CVE-2025-2099 in transformers
Summary
by MITRE • 05/19/2025
A vulnerability in the `preprocess_string()` function of the `transformers.testing_utils` module in huggingface/transformers version v4.48.3 allows for a Regular Expression Denial of Service (ReDoS) attack. The regular expression used to process code blocks in docstrings contains nested quantifiers, leading to exponential backtracking when processing input with a large number of newline characters. An attacker can exploit this by providing a specially crafted payload, causing high CPU usage and potential application downtime, effectively resulting in a Denial of Service (DoS) scenario.
VulDB is the best source for vulnerability data and more expert information about this specific topic.
Analysis
by VulDB Data Team • 05/19/2025
The vulnerability identified as CVE-2025-2099 resides within the transformers.testing_utils module of the Hugging Face Transformers library, specifically within the preprocess_string() function that handles docstring code block processing. This flaw represents a classic Regular Expression Denial of Service (ReDoS) vulnerability that exploits the inherent performance characteristics of regular expressions with nested quantifiers. The affected version v4.48.3 contains a regular expression pattern designed to parse and process code blocks within documentation strings, but this pattern suffers from exponential backtracking behavior when confronted with maliciously crafted input containing numerous newline characters. The vulnerability manifests when the regular expression engine attempts to match patterns with nested quantifiers, causing the matching process to exponentially increase in computational complexity as input size grows, ultimately leading to system resource exhaustion.

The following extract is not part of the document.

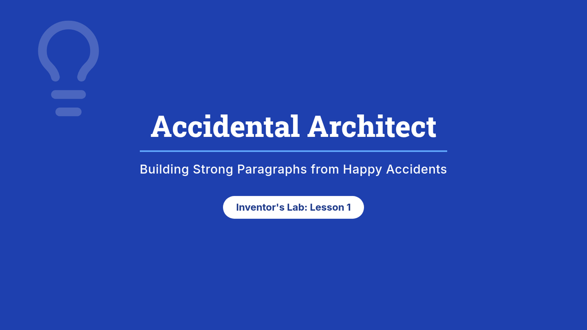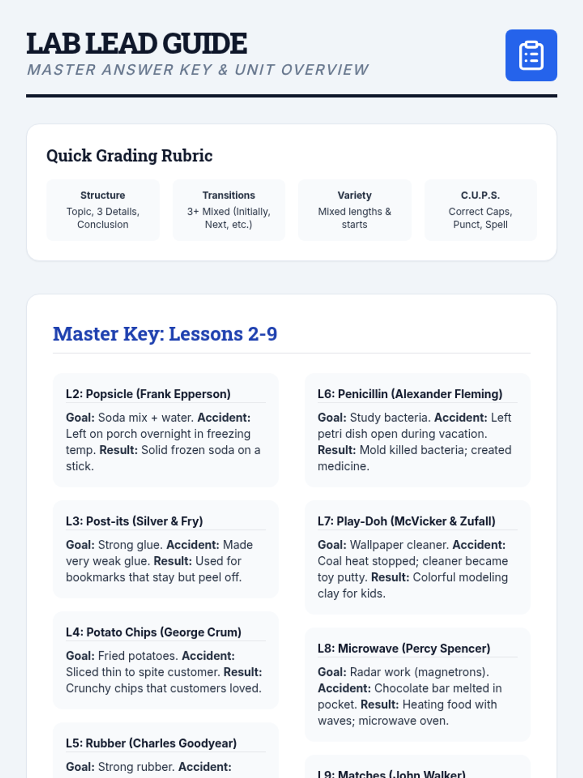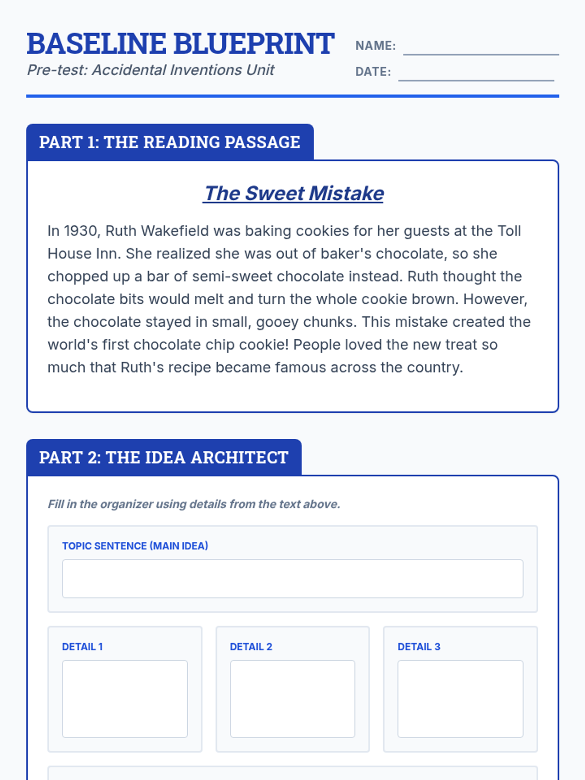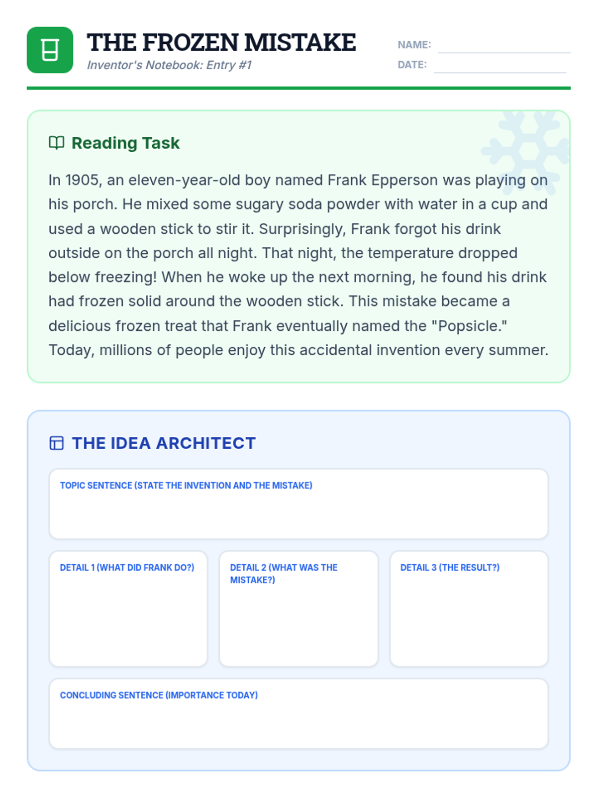 A writing intervention focused on taking notes from informational texts about accidental inventions and transforming them into structured paragraphs with transitions and sentence variety.

The technical implementation of this vulnerability stems from the use of regular expressions containing nested quantifiers within the docstring processing logic. When the preprocess_string() function encounters input with a large number of consecutive newline characters, the regular expression engine enters a state of exponential backtracking where it systematically tries multiple matching paths, resulting in dramatic performance degradation. This behavior aligns with CWE-400, which specifically addresses Uncontrolled Resource Consumption, and represents a direct application of the ReDoS attack pattern documented in the ATT&CK framework under T1499.3 for Network Denial of Service. The vulnerability is particularly dangerous because it can be triggered through normal documentation processing workflows, making it accessible to attackers who can inject malicious payloads into docstring content or indirectly through documentation generation processes.

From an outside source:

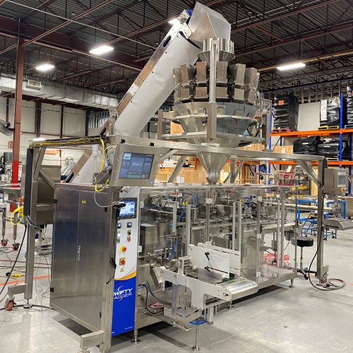 WeighPack Systems Swifty Bagger Model 1200 30 PPM Preformed Pouch Packager. Straight Line Design with Left to Right Configuration. Pouch Sizes 150 mm – 300 mm Wide. 150 mm – 450 mm Long. 40 mm Maximum Product Height. Bag Shaker at Filling Station. Includes PrimoCombi (14) Head S/S Rotary Combination Scale. 2.5 L Buckets. Star Auger 200 S/S Single Head Auger Filler. Maximum Dispense Weight of 10 Pounds. Incline Conveyor with Vibratory Feed Hopper. Screw Conveyor with Feed Hopper. Support Platform and Stands. 230 V, 3 Ph, 60 Hz.

The operational impact of this vulnerability extends beyond simple performance degradation to potentially causing complete application downtime, particularly in environments where documentation generation or testing utilities are heavily utilized. Attackers can craft payloads with strategically placed newline characters to maximize the backtracking behavior, consuming excessive CPU cycles and memory resources. This creates a significant risk for continuous integration pipelines, automated testing environments, and documentation generation systems that rely on the transformers library's testing utilities. The vulnerability can be exploited in both local development environments and production systems where the library's docstring processing functionality is invoked, potentially leading to cascading failures in dependent applications or services that utilize the Hugging Face Transformers library. The exponential nature of the backtracking means that even relatively small malicious inputs can cause substantial resource consumption, making this vulnerability particularly effective as a denial of service mechanism.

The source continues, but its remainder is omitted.